_Task details_: Reproduce, from the line containing "D 摇粒绒竖纹马桶垫 马桶垫粘贴式马桶贴冬季保暖毛绒印花马桶坐垫圈可裁剪反复水洗坐便套" to the last line of the material, every line exactly.

-.-.-

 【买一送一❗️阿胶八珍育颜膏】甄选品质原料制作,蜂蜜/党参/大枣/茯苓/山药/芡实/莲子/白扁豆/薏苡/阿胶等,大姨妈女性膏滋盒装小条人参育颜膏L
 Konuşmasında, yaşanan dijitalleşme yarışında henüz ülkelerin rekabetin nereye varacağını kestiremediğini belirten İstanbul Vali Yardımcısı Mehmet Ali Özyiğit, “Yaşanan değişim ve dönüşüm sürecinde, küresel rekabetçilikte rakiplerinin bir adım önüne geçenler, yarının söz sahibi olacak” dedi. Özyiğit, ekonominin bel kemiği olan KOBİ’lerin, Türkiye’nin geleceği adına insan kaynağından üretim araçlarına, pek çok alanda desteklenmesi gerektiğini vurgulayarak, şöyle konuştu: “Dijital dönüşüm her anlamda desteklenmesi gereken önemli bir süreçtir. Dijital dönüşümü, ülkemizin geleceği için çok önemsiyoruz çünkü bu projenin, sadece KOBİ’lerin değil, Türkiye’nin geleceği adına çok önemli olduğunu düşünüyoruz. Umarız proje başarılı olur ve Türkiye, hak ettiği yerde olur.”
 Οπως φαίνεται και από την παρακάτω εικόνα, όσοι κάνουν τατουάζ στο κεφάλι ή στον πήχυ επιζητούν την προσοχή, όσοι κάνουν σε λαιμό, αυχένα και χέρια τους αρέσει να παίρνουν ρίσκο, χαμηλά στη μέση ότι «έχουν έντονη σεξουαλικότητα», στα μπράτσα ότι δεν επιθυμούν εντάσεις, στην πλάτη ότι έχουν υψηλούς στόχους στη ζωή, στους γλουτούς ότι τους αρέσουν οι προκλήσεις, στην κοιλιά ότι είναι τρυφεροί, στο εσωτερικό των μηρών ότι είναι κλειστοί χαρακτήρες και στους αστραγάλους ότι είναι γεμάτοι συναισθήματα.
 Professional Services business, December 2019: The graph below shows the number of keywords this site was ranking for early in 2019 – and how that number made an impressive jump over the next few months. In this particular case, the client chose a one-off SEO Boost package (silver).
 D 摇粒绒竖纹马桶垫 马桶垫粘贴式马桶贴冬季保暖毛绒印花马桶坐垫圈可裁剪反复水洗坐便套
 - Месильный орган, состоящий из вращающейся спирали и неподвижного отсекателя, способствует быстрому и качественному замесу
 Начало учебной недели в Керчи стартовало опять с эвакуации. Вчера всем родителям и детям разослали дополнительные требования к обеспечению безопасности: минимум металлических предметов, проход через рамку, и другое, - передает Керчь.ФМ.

-.-.-

_Result of the task_:
 D 摇粒绒竖纹马桶垫 马桶垫粘贴式马桶贴冬季保暖毛绒印花马桶坐垫圈可裁剪反复水洗坐便套
 - Месильный орган, состоящий из вращающейся спирали и неподвижного отсекателя, способствует быстрому и качественному замесу
 Начало учебной недели в Керчи стартовало опять с эвакуации. Вчера всем родителям и детям разослали дополнительные требования к обеспечению безопасности: минимум металлических предметов, проход через рамку, и другое, - передает Керчь.ФМ.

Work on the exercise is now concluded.